Other notable alumni include:
The Collège de Clermont made a series of purchases in Gentilly to establish a rural retreat there, in 1632, 1638, 1640 and 1659, thus forming a major property that was eventually sold after the order's suppression in the early 1770s.[34] One of its buildings survives and has been repurposed in the 1990s as the Maison de la photographie Robert Doisneau.
In 1798, Louis-le-Grand (then known as Prytanée) acquired the former grounds of the Château de Vanves. In the 1840s it initiated the project of establishing there an annex, known as the petit collège.[20] In 1853 this became the sole location of its petites classes or middle school. The facilities were expanded in 1858–1860 on a design by Joseph-Louis Duc.[19]: 70 It became an independent establishment by imperial decree in August 1864, known since 1888 as the Lycée Michelet.
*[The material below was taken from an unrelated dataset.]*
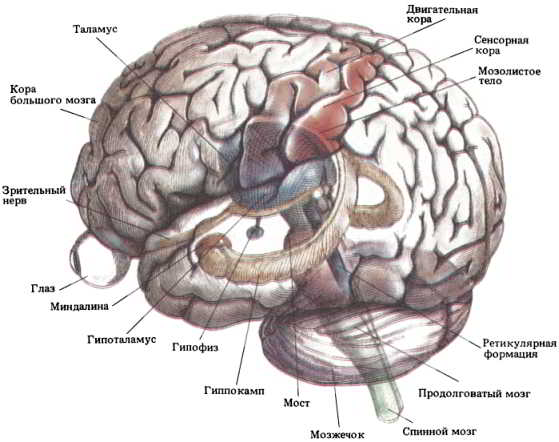 Рис. 20. Нерасчлененный мозг: показаны основные структуры, участвующие в сенсорных процессах и внутренней регуляции, а также структуры лимбической системы и ствола мозга.

In 1882, a law awarded a former tree nursery ground of the Jardin du Luxembourg to Louis-le-Grand for the creation of new classrooms, in anticipation of the main building's reconstruction. The new petit lycée, also designed by Charles Le Cœur , opened in 1885 and became independent in August 1891 as the Lycée Montaigne.[19]: 80
In September 2008, Louis-le-Grand and the Abu Dhabi Education Council launched the Advanced Math and Science Pilot Class, with one class of 20 girls and another of 20 boys. Classes were taught in English in Abu Dhabi, by professors sent from France. The students who made up the Advanced Math and Science Pilot Class graduated at the end of the 12th grade and were awarded a certificate of academic recognition by Louis-le-Grand. The final cohort of the program graduated in 2017, marking the end of the program.[35]